There was a silence. If in the darkness Stephen Sessions smiled with a weary dry contempt, the smothered gleam of the lantern did not disclose it. Oliver Major’s boots moved out of the flat circle of dim light, as for a few minutes he engaged himself in a tour of the lookout.
“How long,” said Stephen Sessions after a little pause, “do you think you can go on with this?”
“Go on?” repeated Oliver Major.
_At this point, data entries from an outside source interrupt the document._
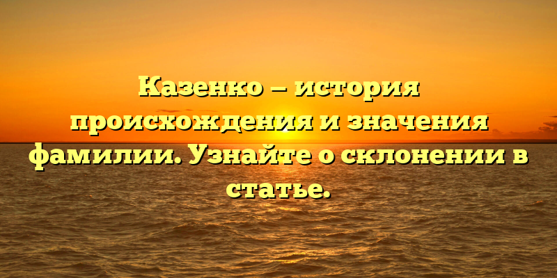 Казенко — это русская фамилия, которую носят многие люди в России и за её пределами. Она имеет давнюю историю своего происхождения. В данной статье мы расскажем о том, как возникла фамилия Казенко, что она значит и как её правильно склонять.
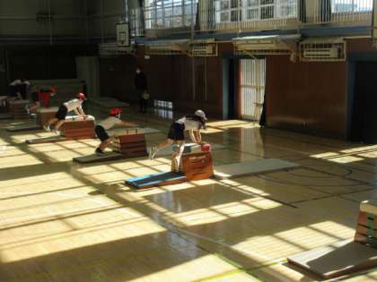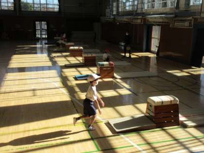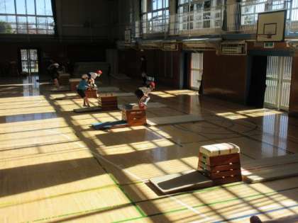 決まりを守り、安全に体育の学習ができています。開脚跳びの後は台上前転の練習に取り組みます。
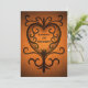 Un bonito corazón negro y giratorio sobre un fondo naranja decora estas preciosas invitaciones nupciales. Personalízalos con tu propio texto.
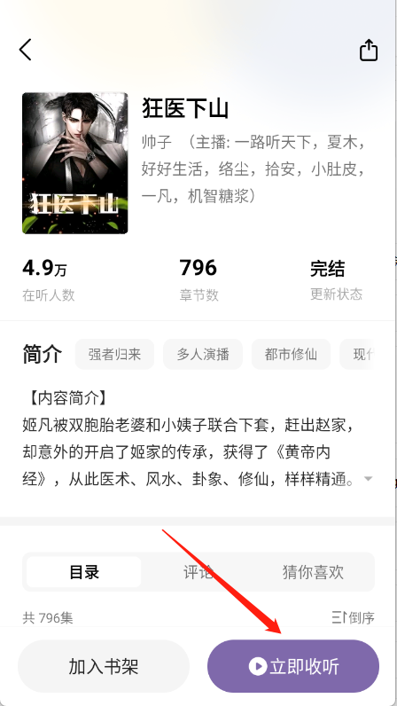 4、用户点开想听的书源进入详情页,点击“立即收听”。
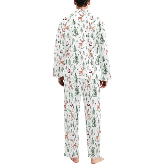 White Christmas Pajama Set for Men, Xmas Tree Reindeer Santa Winter Matching Family PJ Guys Long Sleeve Sleep Shirt Night Wear Couple

His voice was curiously without emotion. “We can’t go on.”
“You’ve made a good fight,” said Stephen Sessions with the finality of a man who speaks of a thing that is done. “I never would have believed that you people could have made a stand of it like you’ve done.”
No one answered him. They knew that what he said was so. That thick old adobe that Oliver Major and his brother had built with their own hands so long ago had, with the improvised planking shields at its openings, stood immune to fire, impregnable to lead. The scathing rake of the enemy fire had held them down very tightly; not so much as a knot hole was safe from the searching guns. Yet, over and over again the defenders had proved that in the pinches their own guns could lash out murderously, withering short range attack. The defense was an extraordinary thing—certainly they knew it must be a singularly
baffling thing to the heavily manned, and heavily armed army-like posse without. Yet it could not last forever.
“No, Oliver,” said Stephen Sessions, “like you said, you can’t go on. God knows I tried to make you see what the end would be when you began. It had to come. But, Oliver, I want to say this: from the bottom of my heart, from the bottom of my soul, I’m sorry! I can’t say more than that.”
If it occurred to Oliver Major that this man, now expressing his purely futile regret, could have, at one time, changed the whole circumstance with a word, he found no reason for bringing it up again now. They had threshed that matter to the bottom, and at the bottom they had been deadlocked still.
In the oppressive silence the dim mumblings of the delirious Walk Ross fumbled vaguely. “Three head more…before we quit… It’s darker than all blue hell…” Beyond the walls Hughes made out the thin threading cry of a coyote, far off.
“So you see,” said Stephen Sessions, as if he could bear the silence no more, “Oliver, you have to give up.”
“Give up?” said Major, very softly. “We can’t give up.”
“But,” said Sessions, the impatience of overwrought nerves coming to the surface, “you just admitted that it can’t go on.”
“I know you never believed me, Steve,” said Oliver wearily, “but if I know anything in the world, I know this one thing for truth: if we’d given Clay Hughes and my boy over into their hands they never would have been seen alive again. The same old story—‘shot trying to escape’—like it was with Grasshopper Tanner, like it’s been with others before. I know Earl Shaw, and I know this feud, root, trunk, and branch. God knows I have reason to know it well! You can’t believe that, Steve; partly it’s because you don’t want to believe. But I can’t very well give the boys up—just to prove my point.”
“I don’t see the alternative,” Sessions said.